[OpenAFS] connection timed out, how long is the timeout?

Jeffrey Altman jaltman@auristor.com
Sun, 4 Feb 2018 17:21:16 -0500

This is a cryptographically signed message in MIME format.

Content-Type: multipart/mixed;
Content-Language: en-US

This is a multi-part message in MIME format.
Content-Type: text/plain; charset=utf-8
Content-Transfer-Encoding: quoted-printable

On 2/4/2018 7:29 AM, Jose M Calhariz wrote:
> I am chasing the root problem in my infra-structure of afsdb and
> afs-fileservers.  Sometimes my afsdb loses quorum in the middle of a
> vos operation or the Linux clients time out talking to the
> file servers.  To help diagnose the problem I would like to know how
> long is the timeout and if I can change the time out connections in
> the Debian clients and for the vos operations.
> The core of my infra-structure are 4 afsdb running Debian 9, and using
> OpenAFS from Debian 1.6.20, on a shared virtualization platform.  The
> file-servers running Debian 9 and using OpenAFS from Debian, 1.6.20,
> are VMs in dedicated hosts for OpenAFS on top of libvirt/KVM.


There is unlikely to be a single problem but since I'm procrastinating
and curious I decided to perform some research on your cell.  This
research is the type of analysis that AuriStor performs on behalf of our
support customers.  Many of the problems you are experiencing with
OpenAFS are likely due to or exacerbated by architectural limitations
that are simply not present in AuriStorFS.
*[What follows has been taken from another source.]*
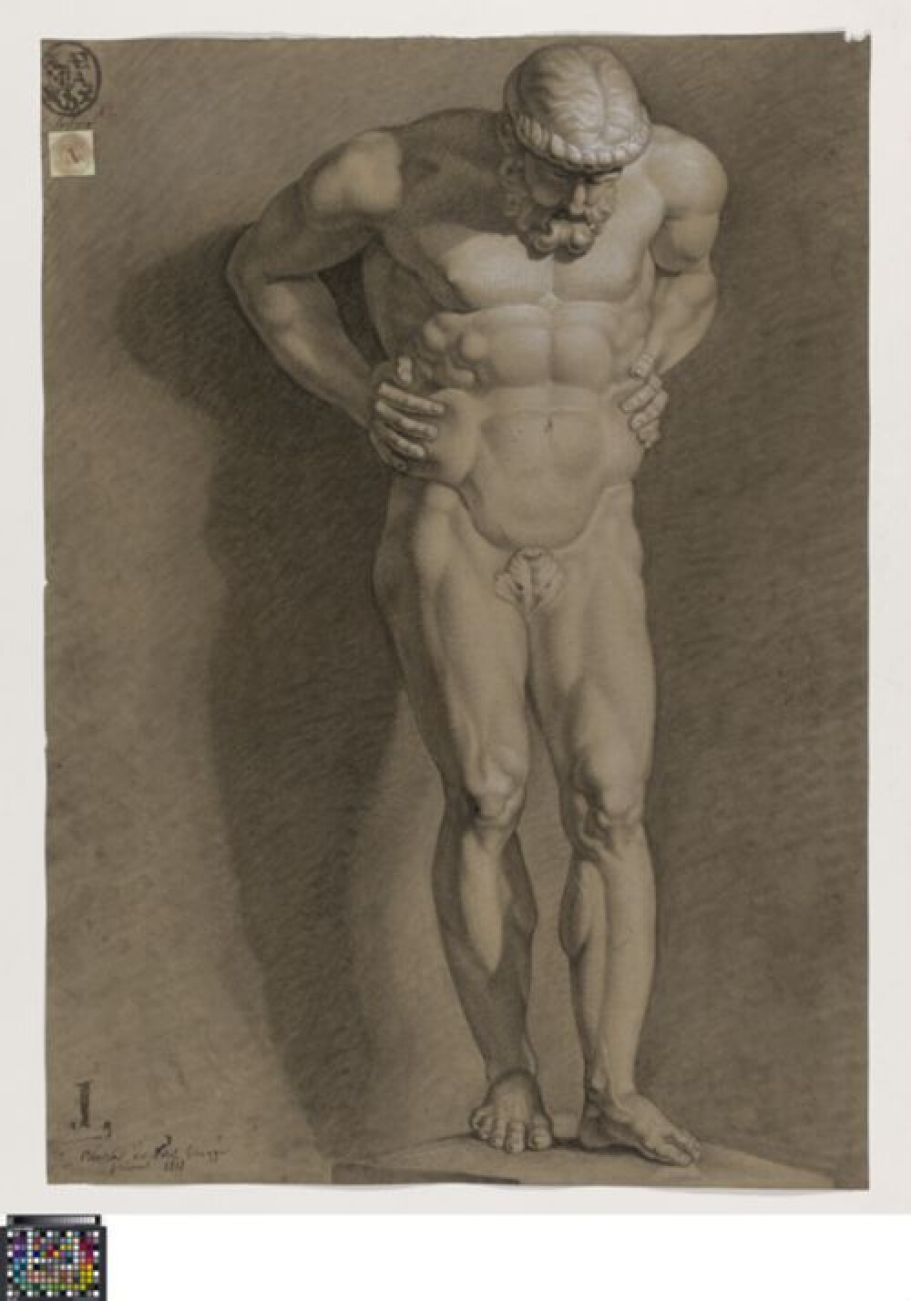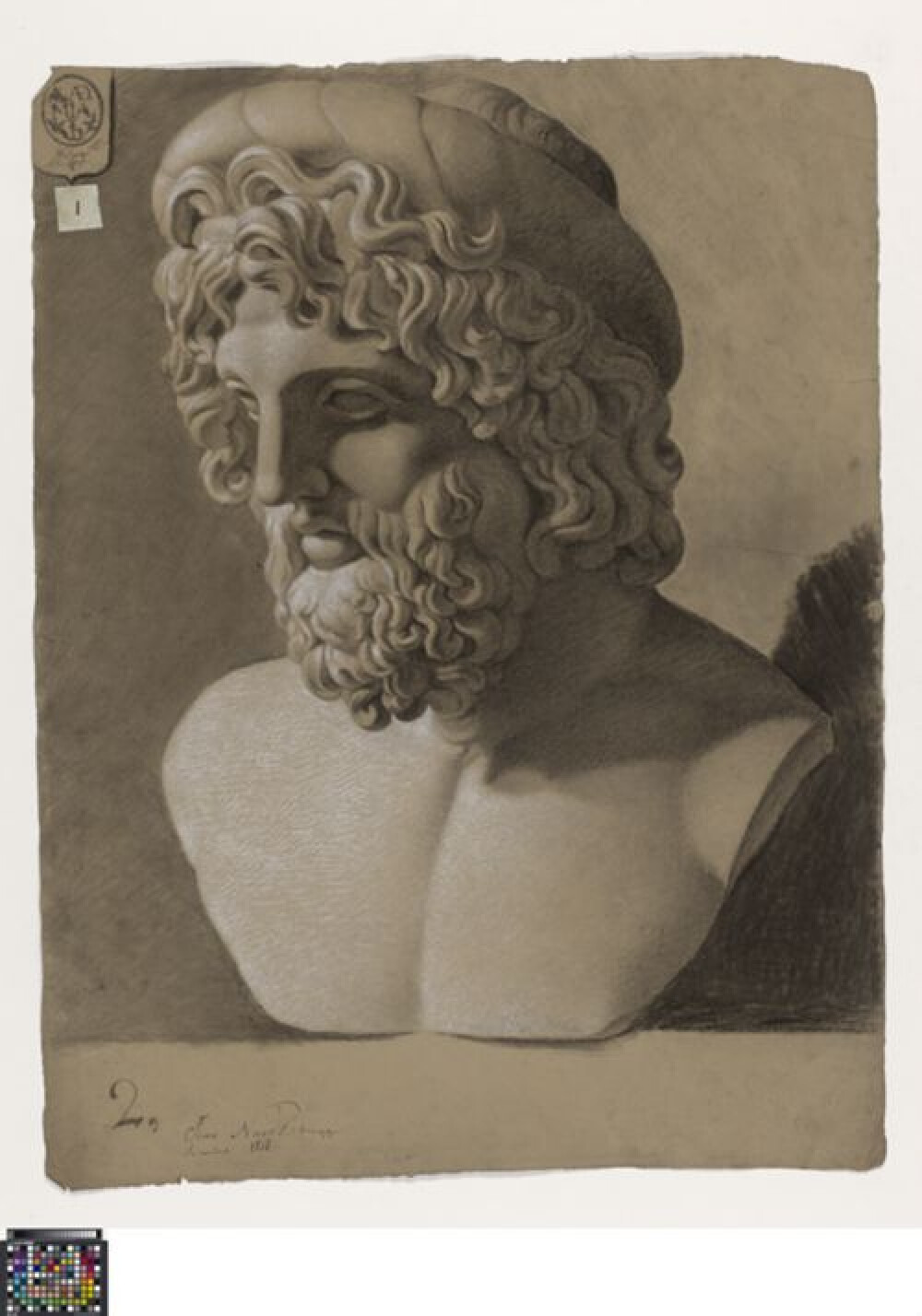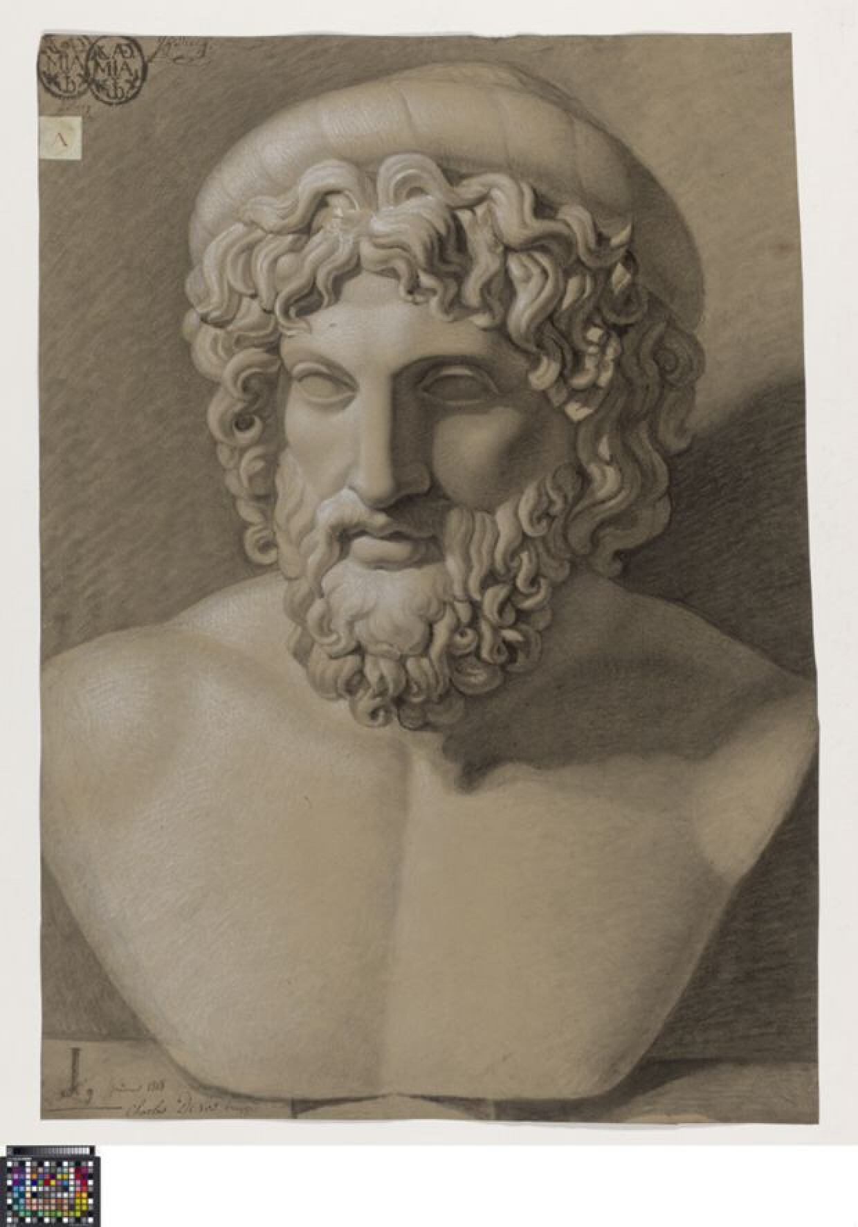 19de eeuwAcademische studie naar sculptuur van Asklepios, getekend door Charles De Vos in 1818. De Vos was toen leerling in de klas naar plaaster aan de Academie Brugge. Voor de wedstrijd om prijs maakte hij twee studies (zie ook 0016.GRO0165.II), waarmee hij primus van zijn klas werd. Jean Naert werd secondus (0016.GRO0166.II). Een buste van Asklepios is frontaal getekend. De Griekse god is weergegeven met krullend haar en een volle baard. Hij draagt een brede, ronde hoofdband. Vermoedelijk tekende De Vos naar een afgietsel van een Romeinse buste dat vandaag in het Louvre bewaard wordt. Deze buste zou een kopie zijn naar een Grieks origineel, wellicht van beeldhouwer Timotheos. De studie is gemaakt in zwart krijt of houtskool, gehoogd met wit krijt. De aantekeningen duiden op De Vos' wedstrijddeelname. Op het etiket staat zijn toegewezen tekenletter 'A'. Daarboven zijn de academiestempel en handtekening van directeur Ducq te zien. Beide elementen zijn tweemaal aangebracht. Dat De Vos de eerste prijs behaalde, werd linksonder met een 'J,' (of 1,) genoteerd. Nadien werden ook zijn naam en afkomst, wedstrijdtitel en het wedstrijdjaar onderaan opgeschreven.
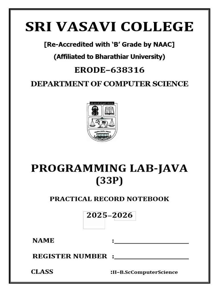 II-B.Sc Computer Science for Core Lab 4: Programming Lab-JAVA (33P)

Your cell has four db servers afs01 through afs04 with associated IP
addresses that rank the servers from afs01 through afs04.  therefore
afs01 is the preferred coordinator (sync site) and if its not running
afs02 will be elected.  Given there are four servers it is not possible
for afs03 or afs04 to be elected.

There are of course multiple independent ubik database services (vl, pt,
and bu) and it is possible for quorum to exist for one and not for others=

The vl service is used to store volume location information as well as
fileserver/volserver location information.  vl entries are modified when
a fileserver restarts, when a vos command locks and unlocks an entry, or
creates, updates or deletes an entry.   Its primary consumer is the afs
client which queries volume and file server location information.

The pt service stores user and group entries.  pt entries are modified
by pts when new user entries are created, modified or deleted; and when
groups are created, modified or deleted; or when group membership
information is modified.  The primary consumer is the fileserver which
queries the pt service for user and host current protection sets each
time a client establishes an rxkad connection to the fileserver.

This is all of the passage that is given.